> _DATA FOR THIS EXERCISE_
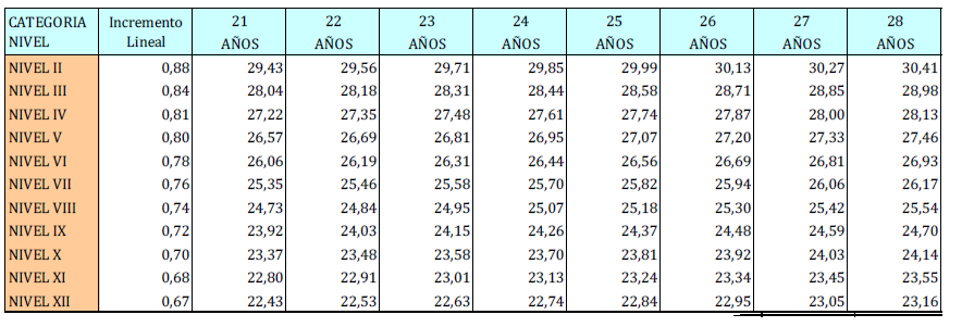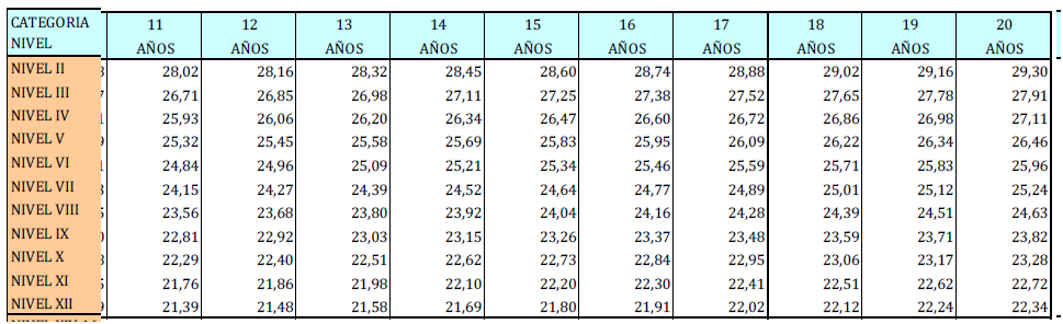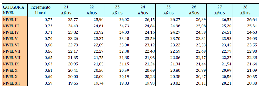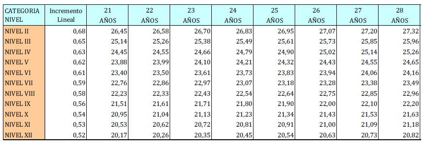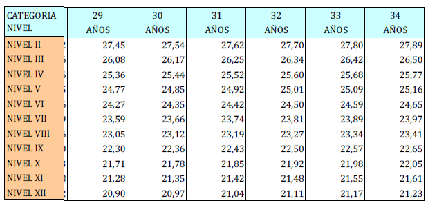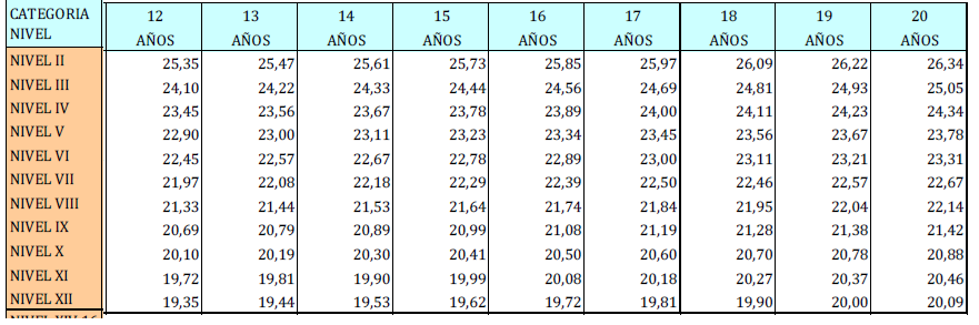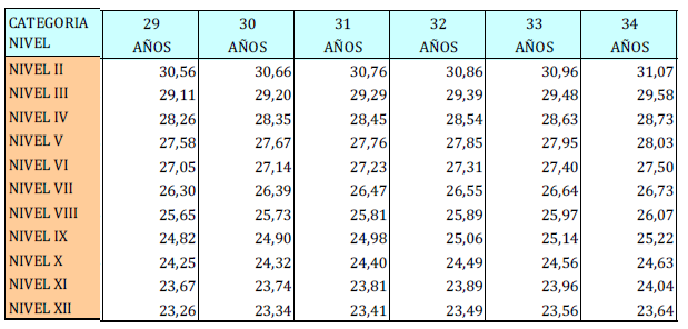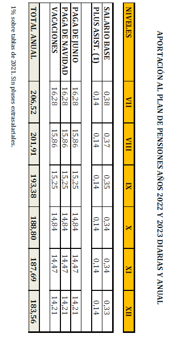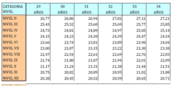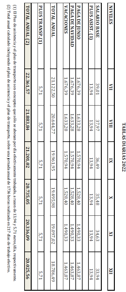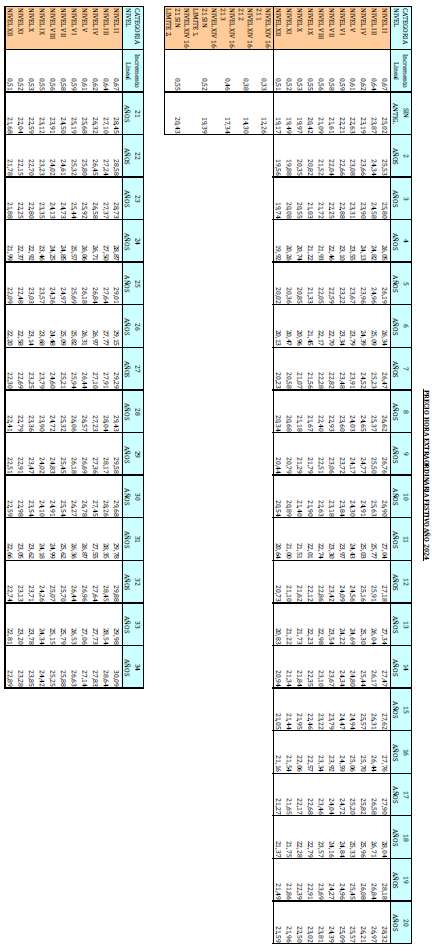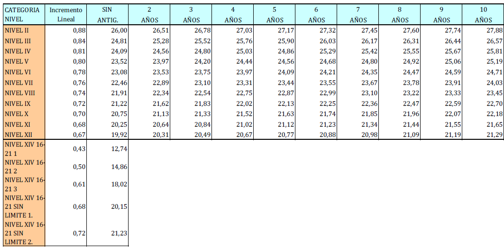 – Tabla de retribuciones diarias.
--
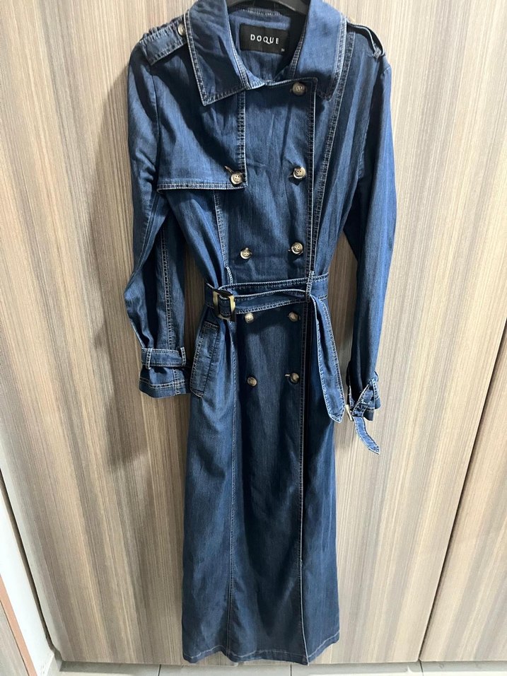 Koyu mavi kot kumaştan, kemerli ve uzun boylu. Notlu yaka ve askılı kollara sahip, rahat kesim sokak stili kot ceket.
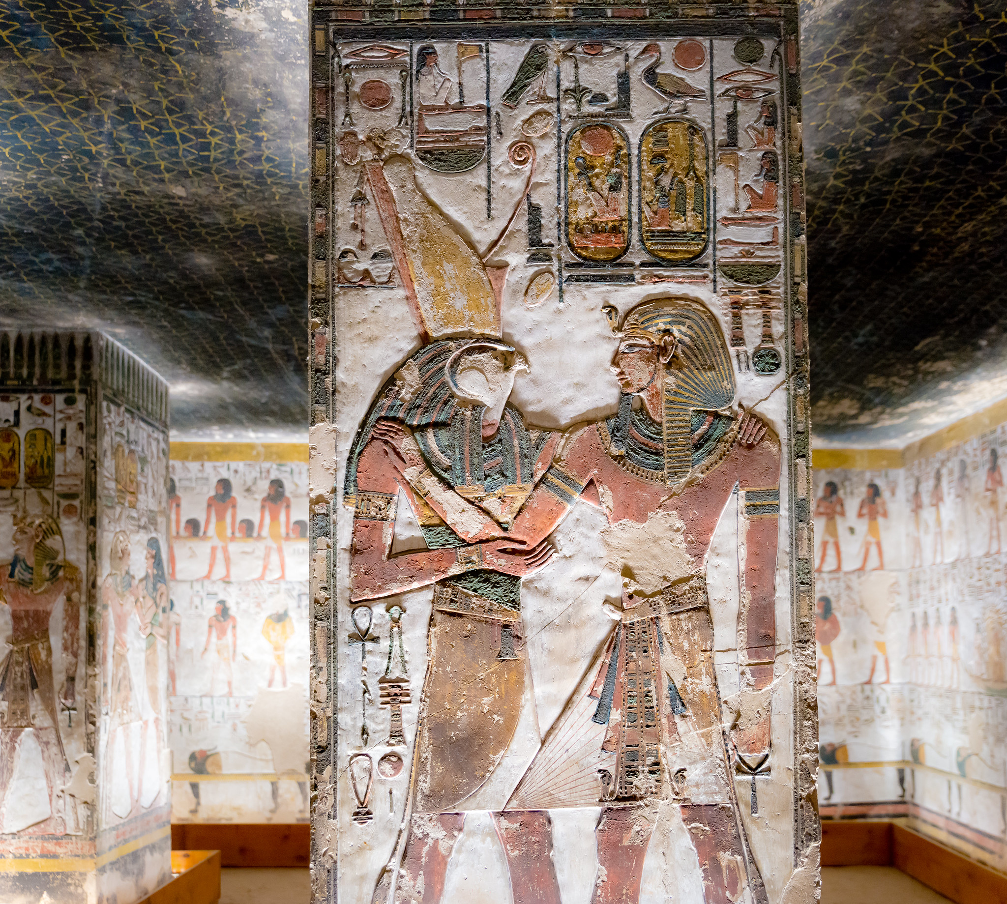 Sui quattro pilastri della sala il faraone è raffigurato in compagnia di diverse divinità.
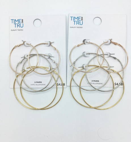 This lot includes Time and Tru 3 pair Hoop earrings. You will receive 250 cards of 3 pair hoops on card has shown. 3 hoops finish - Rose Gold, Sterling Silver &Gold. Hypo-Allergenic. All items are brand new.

> _ASSIGNMENT_
Copy exactly the material above from the line with "Sui quattro pilastri" to the line with "This lot includes", ends included, and nothing else. Leave out any picture.

> _ANSWER TO THE EXERCISE_
 Sui quattro pilastri della sala il faraone è raffigurato in compagnia di diverse divinità.
 This lot includes Time and Tru 3 pair Hoop earrings. You will receive 250 cards of 3 pair hoops on card has shown. 3 hoops finish - Rose Gold, Sterling Silver &Gold. Hypo-Allergenic. All items are brand new.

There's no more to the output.